» Action item
Omit the pictures and print exactly the lines of the listing below, starting at the first and ending at the line containing "The multifunctional pierced".
BEGIN Exercise materials
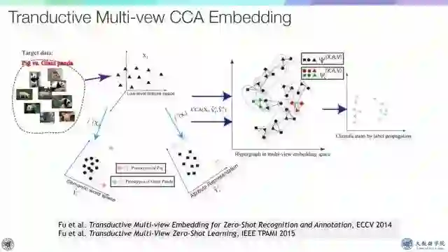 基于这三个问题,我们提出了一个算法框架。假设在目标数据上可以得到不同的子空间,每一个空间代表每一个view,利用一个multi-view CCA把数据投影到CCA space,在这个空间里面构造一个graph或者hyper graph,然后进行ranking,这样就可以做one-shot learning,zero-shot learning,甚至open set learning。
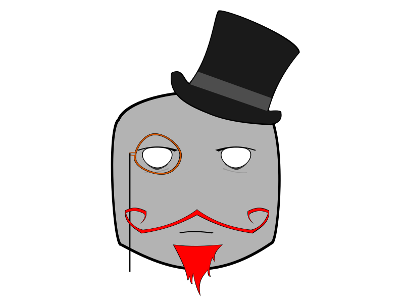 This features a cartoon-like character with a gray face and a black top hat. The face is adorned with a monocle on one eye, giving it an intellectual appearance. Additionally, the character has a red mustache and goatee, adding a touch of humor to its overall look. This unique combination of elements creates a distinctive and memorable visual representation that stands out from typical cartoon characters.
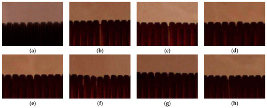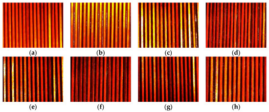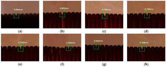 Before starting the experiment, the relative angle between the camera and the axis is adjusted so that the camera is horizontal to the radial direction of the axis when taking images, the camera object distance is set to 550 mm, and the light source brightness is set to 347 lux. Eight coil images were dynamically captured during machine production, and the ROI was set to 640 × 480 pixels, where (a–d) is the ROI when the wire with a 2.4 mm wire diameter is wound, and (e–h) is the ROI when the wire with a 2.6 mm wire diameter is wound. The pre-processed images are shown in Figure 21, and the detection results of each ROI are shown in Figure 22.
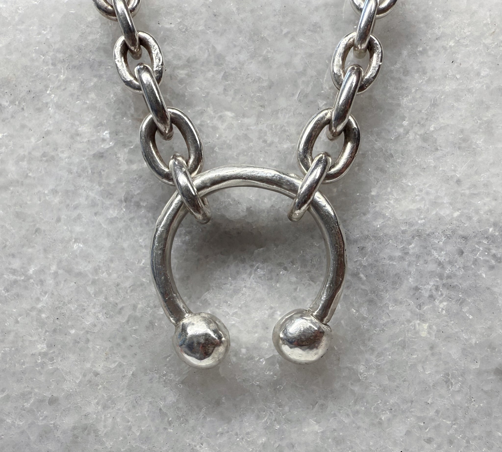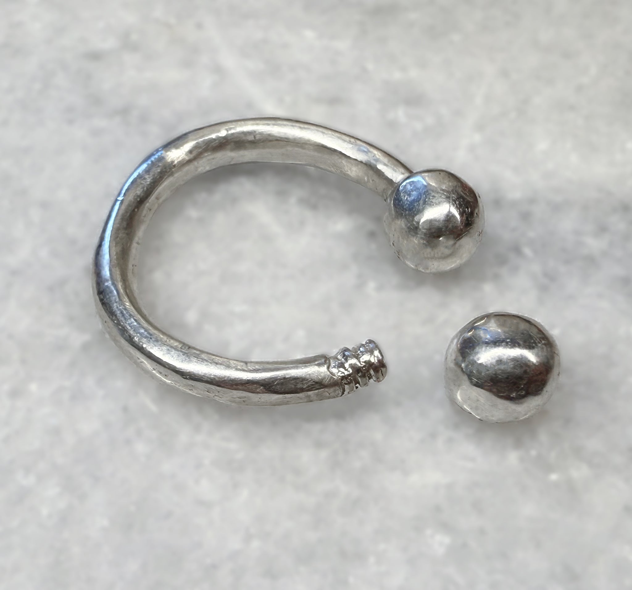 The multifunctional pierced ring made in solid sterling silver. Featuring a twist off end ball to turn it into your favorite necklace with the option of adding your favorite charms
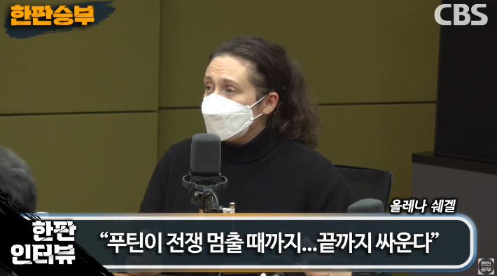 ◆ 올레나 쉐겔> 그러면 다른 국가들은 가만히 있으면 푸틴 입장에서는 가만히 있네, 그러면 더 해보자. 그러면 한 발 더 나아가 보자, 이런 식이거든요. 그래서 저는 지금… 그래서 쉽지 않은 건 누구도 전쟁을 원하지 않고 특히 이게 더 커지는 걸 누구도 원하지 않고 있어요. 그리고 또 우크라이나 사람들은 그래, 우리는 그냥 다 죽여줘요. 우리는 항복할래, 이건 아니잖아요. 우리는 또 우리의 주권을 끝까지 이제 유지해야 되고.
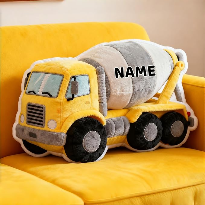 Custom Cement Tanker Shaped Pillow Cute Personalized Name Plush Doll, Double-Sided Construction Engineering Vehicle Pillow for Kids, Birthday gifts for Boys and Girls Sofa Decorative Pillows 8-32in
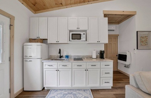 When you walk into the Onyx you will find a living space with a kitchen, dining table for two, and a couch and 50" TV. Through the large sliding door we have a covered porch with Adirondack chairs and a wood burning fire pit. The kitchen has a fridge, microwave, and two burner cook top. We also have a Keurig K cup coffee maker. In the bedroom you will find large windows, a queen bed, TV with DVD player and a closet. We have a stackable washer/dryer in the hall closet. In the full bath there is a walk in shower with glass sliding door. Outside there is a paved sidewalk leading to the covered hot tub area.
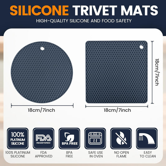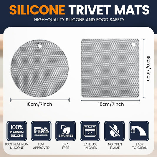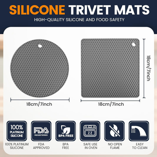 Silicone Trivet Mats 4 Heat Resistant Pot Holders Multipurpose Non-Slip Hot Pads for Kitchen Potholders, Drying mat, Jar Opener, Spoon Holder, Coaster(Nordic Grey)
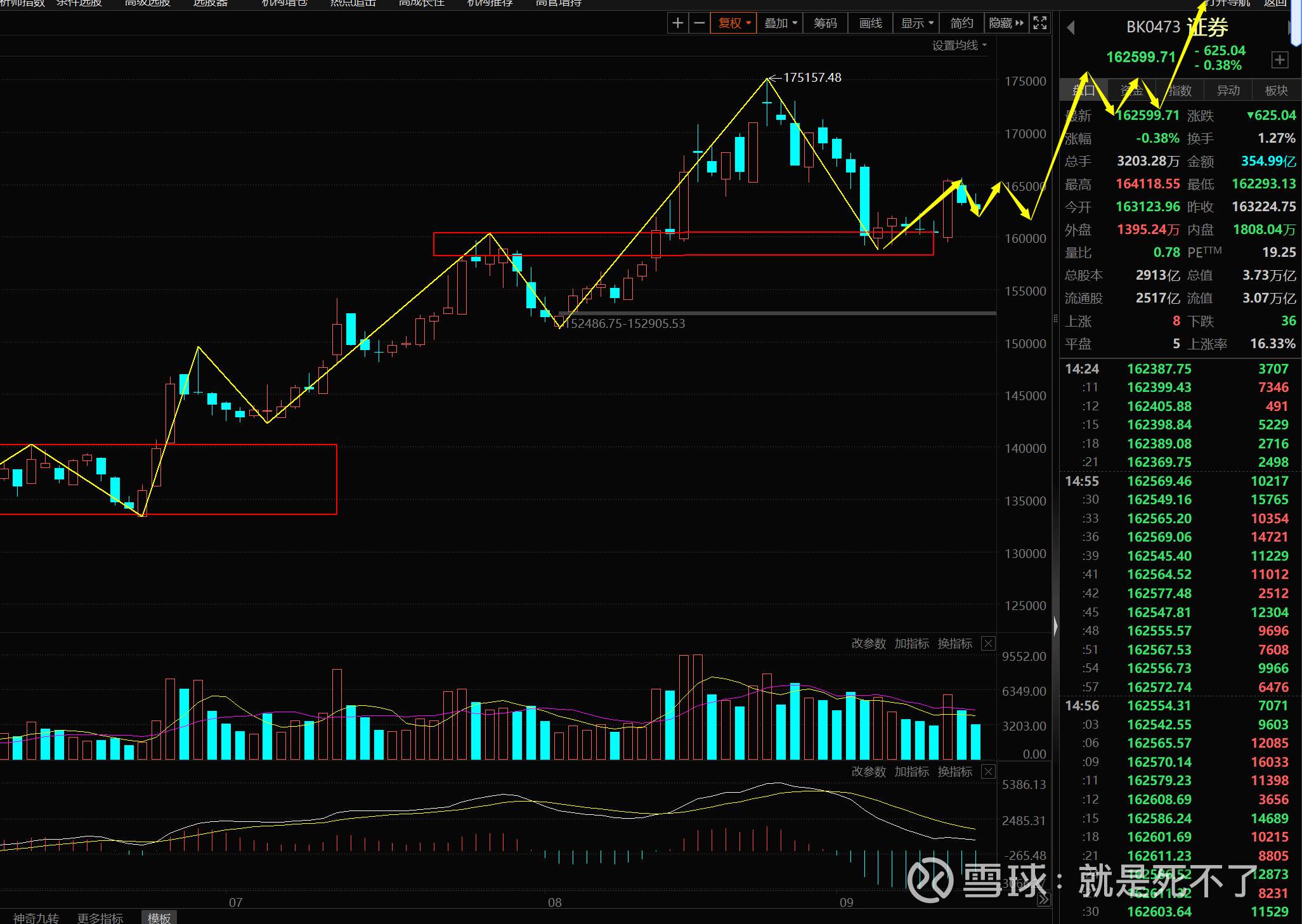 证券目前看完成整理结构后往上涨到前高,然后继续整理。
END Exercise materials
» Problem solution
 基于这三个问题,我们提出了一个算法框架。假设在目标数据上可以得到不同的子空间,每一个空间代表每一个view,利用一个multi-view CCA把数据投影到CCA space,在这个空间里面构造一个graph或者hyper graph,然后进行ranking,这样就可以做one-shot learning,zero-shot learning,甚至open set learning。
 This features a cartoon-like character with a gray face and a black top hat. The face is adorned with a monocle on one eye, giving it an intellectual appearance. Additionally, the character has a red mustache and goatee, adding a touch of humor to its overall look. This unique combination of elements creates a distinctive and memorable visual representation that stands out from typical cartoon characters.
 Before starting the experiment, the relative angle between the camera and the axis is adjusted so that the camera is horizontal to the radial direction of the axis when taking images, the camera object distance is set to 550 mm, and the light source brightness is set to 347 lux. Eight coil images were dynamically captured during machine production, and the ROI was set to 640 × 480 pixels, where (a–d) is the ROI when the wire with a 2.4 mm wire diameter is wound, and (e–h) is the ROI when the wire with a 2.6 mm wire diameter is wound. The pre-processed images are shown in Figure 21, and the detection results of each ROI are shown in Figure 22.
 The multifunctional pierced ring made in solid sterling silver. Featuring a twist off end ball to turn it into your favorite necklace with the option of adding your favorite charms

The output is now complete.